We have supported members in a variety of ways when they have encountered or confronted bias in their schools and workplaces and daily lives. We recognize the uniqueness of our members and their families and lean in as active listeners when others suffer unjustly. If more than a friendly presence is needed, then we look to other means of support.
Friends feel challenged by this query to widen our circle of concern, even as one of our members looks to organizations serving our nearby urban center, Reading. Raising these concerns with our sister Meeting in Reading, may also strengthen and widen our influence within the community.
Similarly, some members are looking for affinity groups within our Yearly and Quarterly Meetings and asking how to find and join those efforts. This with the clear understanding that we are a small community of older adults and young families. We understand our constraints and limitations.
Challenge of Climate Change
Exeter does not have a climate ambassador to the Climate Sprint group within PYM and we have not addressed this concern broadly. We appreciate our simple but sturdy meeting house as it requires little to maintain and is heated, in part, through a renewable energy source.
We have done a systematic energy use audit this winter and are looking for additional ways we can reduce energy consumption. We are also inquiring into the feasibility of installing solar panels to drive our meeting house more closely to net zero and repay some of our past carbon debts.
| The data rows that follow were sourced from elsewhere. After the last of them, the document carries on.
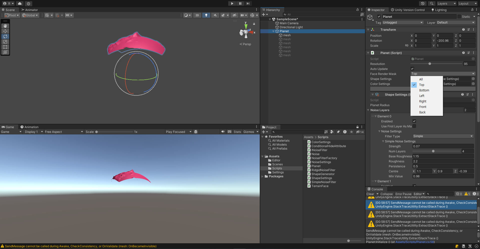 해상도가 높아지면 NoiseSettings의 값들을 조금만 바꿔도 렌더링하는데 매우 오랜 시간이 걸린다. 한 번에 하나의 면만 렌더링하는 옵션을 행성에 추가해보자.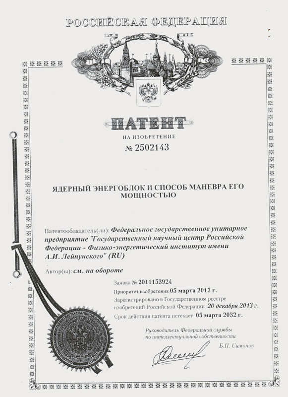 1. | Патент РФ | №2502143 | 20.12.2013 | Ядерный энергоблок и способ маневра его мощностью | Тревгода Марк Михайлович, Будылов Евгений Григорьевич, Ошейко Юрий Викторович |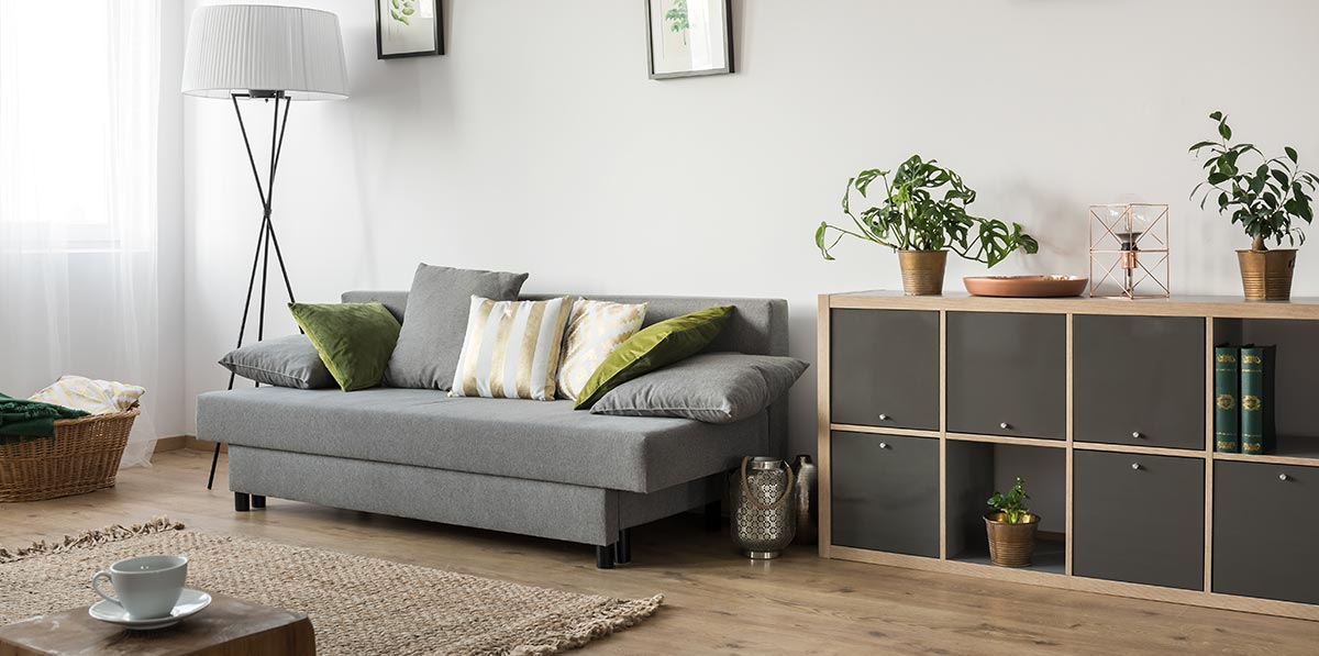 • Walnut Wood finish with Charcoal Fabric upholstery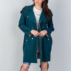 It is time to update your jacket collection with this fabulous modern cut teal jacket! Pair with your favorite sweater and leggings or blouse and jeans!

At least one member expressed an interest in addressing climate change by holding industries accountable for corporate waste, to take more action than saying we are an example of climate consciousness. More information to engage is needed, perhaps from PYM or our Quarter to inform possible meaningful action – beyond email communication.
Learning and Yearnings
We are not a large Meeting. We support two permanent committees that care for the internal needs of our people and organization. Internally, we feel strong, even as our membership holds divergent opinions on many things; we mesh, more than we clash. We try to listen to each other without pre-judgment.
We revel in our new members as they broaden our knowledge and experience. And these new members are asking what more we can do, how are we called to serve? Some members are looking at concerns and leadings that result in action and the Meeting feels prepared to support such leadings among our members, regardless of our size.
How can the Yearly Meeting support Exeter
We encourage the Yearly Meeting to support and demonstrate the tradition of traveling in ministry by example.
Elders traveling in pastoral care, as well, can begin to address some of the queries present by PYM before this, our annual self examination. Many of the committees and “sprints” depend on people falling onto the right website page or that a larger Meeting might have a concerned and dedicated representative who meets regularly with the committee to consider action. Perhaps some of the work of these committees can be shared directly with Meetings who do not have representatives – in person.
Exeter “feeds” itself as we see fit and to some extent as concerns flow down from PYM, perhaps PYM can share some of the manna with us concerned Friends who are not sure how to connect. Especially on:
- More effective communications and outreach
- The work of the PYM committees and sprints working on concerns of racial justice and climate change
- How action follows from our spiritual practice, rather than from a sense of worldly obligation.
Such visitations might serve as traveling elders and ministers have served in the past – as those who know how to ask the right provocative questions.